With connectivity comes the need for security and trusted communication. The next generation of SBCs are equipped with Bluetooth 4.0 capabilities and fully pre-certified 802.11a/b/g/n (2.4 and 5 GHz), software and driver support enterprise-grade Wi-Fi security such as WPA/WPA2-Enterprise, cellular connectivity, and other options to ensure your device is tied into larger computing grids. The SBC can be integrated into any existing IT environment.

Lastly, taking advantage of a secure cloud-enabled software platform such as Device Cloud allows you to build products for the IoT almost immediately, without any need to develop a costly and proprietary cloud infrastructure.

  1. Open Platforms

Most SBCs support industry-standard operating systems, including Linux, Android, and Microsoft Windows Embedded Compact. This reduces learning curves and costs while reducing risk and accelerating development activities.

However, engineers invariably want to customize and refine their device designs as well as make sure that access to relevant software and hardware design components is available right from the start. Be sure your chosen SBC provides full and royalty-free access to source code of the software platform support.

On the hardware side, access to functional and verified reference designs is as important as choosing a supplier that is established and present both locally and globally with their own and partner resources.

industries_medical_medical_devicesMedical Devices

For manufacturers in the life sciences industry, innovation is a non-negotiable requirement.  Product complexity—including the inherent need for products to have seamless wireless connectivity—continues to grow, making it essential to have efficient designs that leverage reliable components with the power and simplicity that reduce points of failure, including support for the long product lifecycles in this industry.

Medical and healthcare devices need to become connected in order to create efficiencies in areas such as patient safety, reimbursement, or even asset management/tracking. The complex and lengthy regulatory approvals further drive the need to shorten time-to-market and focus on core competencies instead of spending time on basic core system design efforts.

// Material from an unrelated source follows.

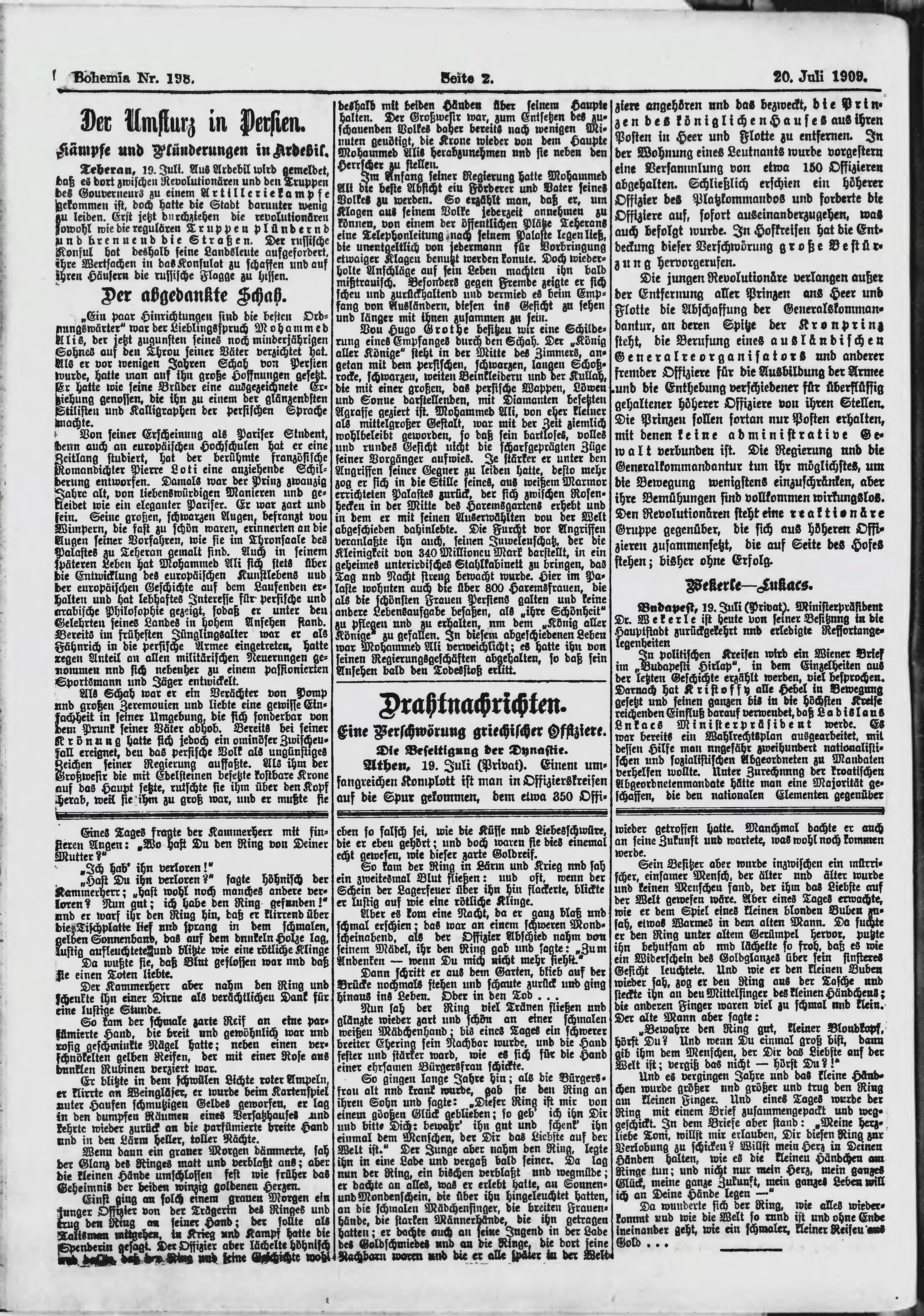 * Datum vydání výtisku: 20.7.1909 Číslo výtisku: 198 Poznámky k výtisku: ranní vydání;

The right SBC or SoM solution plays an integral role in bringing innovative medical products to market quickly. As a result, device manufacturers are increasingly relying on them for devices such as infusion pumps, ventilators, implantable cardiac defibrillators, ECGs, bedside terminals, patient monitors, AEDs, and more.

Precision Agriculture

Today, farmers are able to more finely tune their crop management by observing, measuring, and responding to variability in their crops. For instance, crop-yield sensors mounted on GPS-equipped combines can use industrial-grade, ruggedized SBCs and SoMs to measure and analyze data related to chlorophyll levels, soil moisture – even aerial and satellite imagery. It then can intelligently operate variable-rate seeders, sprayers, and other farming equipment to optimize crop yields. Wireless connectivity for cellular or Wi-Fi network connectivity plus sensor integration through technologies such as Bluetooth Low Energy adds a powerful, real-time connectivity to agriculture that drives a new level of efficiency.


With focus on operational efficiency and safety, transportation applications are driving the need for connected and intelligent devices.

In situations that require rugged reliability that eliminates vibration concerns, embedded SBC and SoM solutions play a valuable role. In taxis, solutions can help optimize electric vehicles by controlling engine components while providing a fully integrated, state-of-the-art in-vehicle operator interface. In buses, monitoring systems can report emissions levels and the solution can operate fare-collection systems. On a commercial vessel, embedded solutions power connected navigation systems or highly sophisticated fish finders.

Consider taking advantage of connected SBCs and SoMs when building your next product. Significantly reduce your design risk while shortening your time-to-market, without sacrificing design flexibility.